Study finds, Preventing Acute Kidney Injury and Hypotension
This body created a plan to manage and improve outcomes for all THA and TKA patients, based on pre- and postoperative risk factors associated with the development of acute kidney damage (AKI). This report illustrates the protocol's ongoing success and growth to reduce AKI and hypotension in patients with elective total arthroplasty.

A multidisciplinary team comprising orthopaedic surgeons, nephrologists, anesthesiologists, cardiologists, and internal medicine hospitalists created a comprehensive protocol aimed at decreasing complications after elective joint arthroplasty and improving clinical outcomes across multiple hospitals. Patient demographics, hospital length of stay, readmission rates, mortality, and postoperative AKI and hypotension incidences were recorded and compared between preprotocol phase I (initial protocol implementation) and phase II (protocol expansion across 10 hospitals) patient cohorts.

--Overall, 3,222 patients over 56 months and 10 hospitals were included.

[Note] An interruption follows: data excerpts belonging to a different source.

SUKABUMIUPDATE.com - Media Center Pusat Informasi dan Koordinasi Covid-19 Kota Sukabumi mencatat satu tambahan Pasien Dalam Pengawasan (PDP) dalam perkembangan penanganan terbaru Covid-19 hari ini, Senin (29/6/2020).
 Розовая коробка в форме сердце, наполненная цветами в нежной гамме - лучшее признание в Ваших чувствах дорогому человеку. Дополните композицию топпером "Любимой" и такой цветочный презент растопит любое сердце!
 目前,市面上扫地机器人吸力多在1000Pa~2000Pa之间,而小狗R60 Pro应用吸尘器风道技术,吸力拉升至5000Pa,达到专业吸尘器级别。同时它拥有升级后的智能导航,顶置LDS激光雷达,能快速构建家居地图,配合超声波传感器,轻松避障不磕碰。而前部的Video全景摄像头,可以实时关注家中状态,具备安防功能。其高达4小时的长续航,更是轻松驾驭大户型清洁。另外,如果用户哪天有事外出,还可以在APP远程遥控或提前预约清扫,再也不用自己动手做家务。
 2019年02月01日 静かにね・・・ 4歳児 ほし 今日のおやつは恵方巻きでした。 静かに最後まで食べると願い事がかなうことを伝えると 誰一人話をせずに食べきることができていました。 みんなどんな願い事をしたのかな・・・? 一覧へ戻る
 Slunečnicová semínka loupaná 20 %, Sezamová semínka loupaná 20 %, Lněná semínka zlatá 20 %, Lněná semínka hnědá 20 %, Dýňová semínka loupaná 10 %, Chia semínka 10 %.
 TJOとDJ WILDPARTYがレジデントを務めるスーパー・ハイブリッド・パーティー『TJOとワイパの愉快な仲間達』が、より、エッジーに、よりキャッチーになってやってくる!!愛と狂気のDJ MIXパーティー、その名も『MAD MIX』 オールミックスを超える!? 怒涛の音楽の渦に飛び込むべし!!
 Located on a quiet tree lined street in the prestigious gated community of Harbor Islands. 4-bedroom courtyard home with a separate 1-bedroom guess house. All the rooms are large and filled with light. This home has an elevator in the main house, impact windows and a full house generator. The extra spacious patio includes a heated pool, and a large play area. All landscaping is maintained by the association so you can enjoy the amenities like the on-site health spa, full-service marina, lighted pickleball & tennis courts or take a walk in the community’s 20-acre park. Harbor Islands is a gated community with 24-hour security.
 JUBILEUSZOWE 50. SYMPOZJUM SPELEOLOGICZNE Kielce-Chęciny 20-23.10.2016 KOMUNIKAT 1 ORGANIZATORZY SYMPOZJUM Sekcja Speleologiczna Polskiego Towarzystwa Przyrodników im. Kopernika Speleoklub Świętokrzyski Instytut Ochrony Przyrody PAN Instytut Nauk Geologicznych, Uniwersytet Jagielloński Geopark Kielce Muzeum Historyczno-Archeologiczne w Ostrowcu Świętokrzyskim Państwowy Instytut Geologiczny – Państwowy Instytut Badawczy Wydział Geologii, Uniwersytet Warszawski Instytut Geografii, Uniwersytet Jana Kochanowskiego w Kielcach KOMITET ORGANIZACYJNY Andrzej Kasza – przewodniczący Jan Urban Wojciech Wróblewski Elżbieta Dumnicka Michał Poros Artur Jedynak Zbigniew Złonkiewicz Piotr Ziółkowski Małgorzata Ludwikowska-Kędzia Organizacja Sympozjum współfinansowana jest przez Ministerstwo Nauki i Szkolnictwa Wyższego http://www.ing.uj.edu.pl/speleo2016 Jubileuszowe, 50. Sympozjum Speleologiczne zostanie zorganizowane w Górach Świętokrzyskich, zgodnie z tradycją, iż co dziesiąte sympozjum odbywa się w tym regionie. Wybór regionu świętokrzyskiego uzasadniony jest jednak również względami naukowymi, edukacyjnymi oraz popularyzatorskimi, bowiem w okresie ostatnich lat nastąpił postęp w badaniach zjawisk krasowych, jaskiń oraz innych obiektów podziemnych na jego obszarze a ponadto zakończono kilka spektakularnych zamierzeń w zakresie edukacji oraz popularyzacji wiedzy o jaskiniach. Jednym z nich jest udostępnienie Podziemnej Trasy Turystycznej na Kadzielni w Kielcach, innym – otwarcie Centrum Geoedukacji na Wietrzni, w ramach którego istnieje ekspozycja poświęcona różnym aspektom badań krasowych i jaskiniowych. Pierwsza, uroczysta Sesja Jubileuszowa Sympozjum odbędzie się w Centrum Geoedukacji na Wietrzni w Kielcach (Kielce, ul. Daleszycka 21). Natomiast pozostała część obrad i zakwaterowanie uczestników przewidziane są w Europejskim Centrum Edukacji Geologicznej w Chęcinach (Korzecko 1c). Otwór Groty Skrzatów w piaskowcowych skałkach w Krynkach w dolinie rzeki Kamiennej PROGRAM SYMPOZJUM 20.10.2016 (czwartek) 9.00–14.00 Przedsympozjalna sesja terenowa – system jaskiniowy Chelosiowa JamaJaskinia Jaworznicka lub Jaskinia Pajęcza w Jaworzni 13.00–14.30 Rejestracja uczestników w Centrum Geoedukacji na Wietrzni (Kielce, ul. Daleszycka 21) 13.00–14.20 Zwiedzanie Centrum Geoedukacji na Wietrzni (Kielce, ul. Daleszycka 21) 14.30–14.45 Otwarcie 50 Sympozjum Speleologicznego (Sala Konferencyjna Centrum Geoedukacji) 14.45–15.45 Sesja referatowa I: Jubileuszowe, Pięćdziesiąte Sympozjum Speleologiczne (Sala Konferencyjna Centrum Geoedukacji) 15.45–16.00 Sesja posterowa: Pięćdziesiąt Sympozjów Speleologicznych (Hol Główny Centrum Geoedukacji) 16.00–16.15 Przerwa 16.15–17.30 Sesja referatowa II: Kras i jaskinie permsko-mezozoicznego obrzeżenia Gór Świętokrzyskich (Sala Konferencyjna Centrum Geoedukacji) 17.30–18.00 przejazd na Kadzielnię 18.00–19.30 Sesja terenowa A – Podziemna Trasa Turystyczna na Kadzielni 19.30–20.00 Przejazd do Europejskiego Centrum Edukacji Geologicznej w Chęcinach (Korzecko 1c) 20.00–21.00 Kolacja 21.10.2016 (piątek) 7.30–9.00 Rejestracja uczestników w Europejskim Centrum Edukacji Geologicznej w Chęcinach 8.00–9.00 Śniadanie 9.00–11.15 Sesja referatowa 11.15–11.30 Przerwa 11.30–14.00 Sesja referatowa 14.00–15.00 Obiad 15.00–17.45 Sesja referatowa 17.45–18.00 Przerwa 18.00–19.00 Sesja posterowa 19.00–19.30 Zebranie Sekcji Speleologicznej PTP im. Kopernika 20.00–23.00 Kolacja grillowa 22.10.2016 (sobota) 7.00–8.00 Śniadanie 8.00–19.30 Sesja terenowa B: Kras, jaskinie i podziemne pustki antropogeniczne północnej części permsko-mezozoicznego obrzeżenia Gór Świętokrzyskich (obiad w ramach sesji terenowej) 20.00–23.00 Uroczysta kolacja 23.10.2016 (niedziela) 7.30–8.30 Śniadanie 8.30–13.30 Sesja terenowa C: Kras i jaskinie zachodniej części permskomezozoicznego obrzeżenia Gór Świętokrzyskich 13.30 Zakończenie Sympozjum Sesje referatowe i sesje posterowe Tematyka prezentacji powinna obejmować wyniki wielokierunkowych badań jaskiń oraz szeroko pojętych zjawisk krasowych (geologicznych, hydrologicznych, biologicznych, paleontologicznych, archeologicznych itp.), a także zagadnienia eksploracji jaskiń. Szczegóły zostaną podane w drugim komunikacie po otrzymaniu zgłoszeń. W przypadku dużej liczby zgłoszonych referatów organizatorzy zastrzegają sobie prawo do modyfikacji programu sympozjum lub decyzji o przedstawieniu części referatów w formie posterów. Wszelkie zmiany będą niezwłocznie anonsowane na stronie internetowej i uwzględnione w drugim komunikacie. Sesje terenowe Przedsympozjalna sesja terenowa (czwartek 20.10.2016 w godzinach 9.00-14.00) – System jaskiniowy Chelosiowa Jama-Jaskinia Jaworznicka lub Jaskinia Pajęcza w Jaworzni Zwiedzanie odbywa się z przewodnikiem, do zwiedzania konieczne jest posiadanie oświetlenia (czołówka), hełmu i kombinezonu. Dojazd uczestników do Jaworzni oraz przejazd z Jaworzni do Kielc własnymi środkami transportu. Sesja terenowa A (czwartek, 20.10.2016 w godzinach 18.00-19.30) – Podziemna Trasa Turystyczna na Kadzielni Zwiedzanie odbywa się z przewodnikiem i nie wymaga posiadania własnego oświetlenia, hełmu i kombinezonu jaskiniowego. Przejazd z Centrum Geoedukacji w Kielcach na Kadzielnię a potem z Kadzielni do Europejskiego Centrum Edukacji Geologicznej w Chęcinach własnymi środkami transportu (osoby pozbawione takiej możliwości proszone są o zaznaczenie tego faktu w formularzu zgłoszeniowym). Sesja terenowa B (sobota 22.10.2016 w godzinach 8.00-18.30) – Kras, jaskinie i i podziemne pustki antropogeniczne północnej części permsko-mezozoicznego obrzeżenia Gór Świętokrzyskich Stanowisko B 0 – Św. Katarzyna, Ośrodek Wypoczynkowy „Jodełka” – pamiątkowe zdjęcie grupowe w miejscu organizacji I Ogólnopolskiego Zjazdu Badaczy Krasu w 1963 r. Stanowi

--Our phase II AKI rate (0.6%) was significantly lower than our preprotocol rate (6.2%) and statistically similar to our phase I rate (1.2%).

--Our hypotension rate in phase II (6.8%) was significantly lower than our preprotocol rate (12.7%) but statistically similar to our phase I rate (5.9%).

--Furthermore, a significant decrease was observed in hospital length of stay over time, but no difference was observed in readmission and mortality rates over time.

This study provides a multidisciplinary, thorough and successful approach for managing and reducing AKI and hypotension rates in a wide range of patient groups across various hospital centres.